The operation of a wind farm determines the cost of using wind energy. i.e., how powerful the wind farm is. Only around 59% of the power drawn from wind, even when there is no loss in the turbine, gets transformed to useful electrical energy. The power extracted from wind is determined by the strength of the wind and the generator's operating point. Maximum Power Point Tracking (MPPT) is necessary for maximum power extraction from wind turbines, which may have vertical or horizontal axes. The MPPT modifies the turbine rotor speed in response to changes in wind speed. Small power generators called micro-turbines turn an electrical generator with outputs ranging from 30 to 400kW by burning gaseous and liquid fuels at high speeds.

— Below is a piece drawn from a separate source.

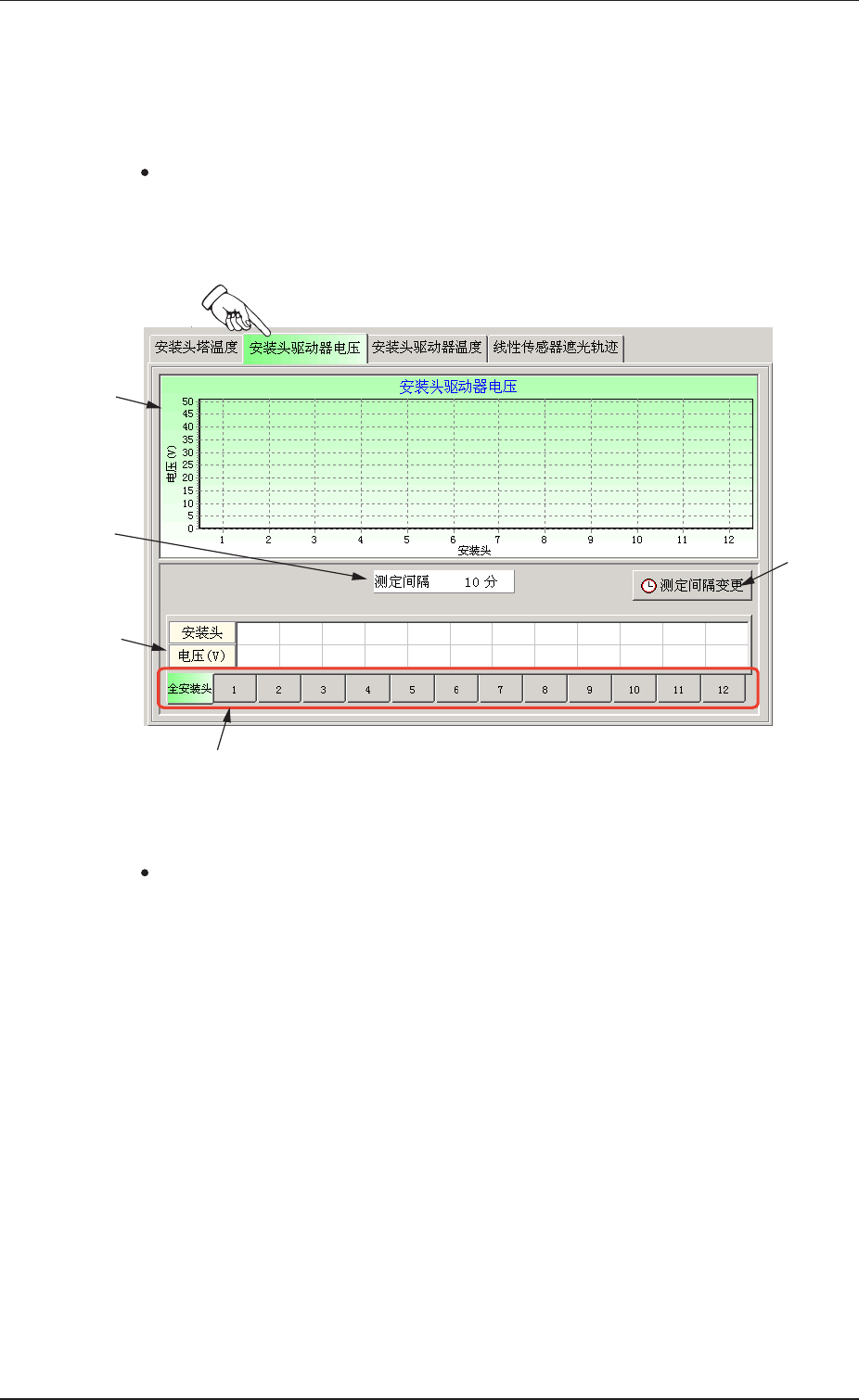 选择作为测定对象的安装头。将全体安装头作为对象时,要按

They are a factor in tiny gas turbine evaluation and have long played a significant role in the field of microgeneration. Microturbine models come in two main varieties: split shaft design and high speed single shaft type, both of which are useful for dynamic simulations. The increased use of renewable energy sources raises concerns about their intermittent nature, which highlights the significance of energy storage. Energy storage facilities significantly increase the effectiveness of distributed generation and aid in maintaining substation voltage and frequency levels. Utilizing resources effectively aids in solving issues affecting the quality of uninterrupted supply for both consumers and the utility. Energy storage systems are categorised according to the type of energy they utilise.
Electrical energy can be stored using the following energy sources: electrical (super conducting magnetic coil and double layer capacitor), mechanical (pumped storage system, flywheel storage, and compressed air), thermal (heat storage), chemical & electrochemical (hydrogen, secondary batteries, and flow batteries), and nuclear. In addition to discussing the components of battery modelling and the energy system model for evaluating the value of batteries, the appropriate size of an energy storage system with cost evaluation is offered.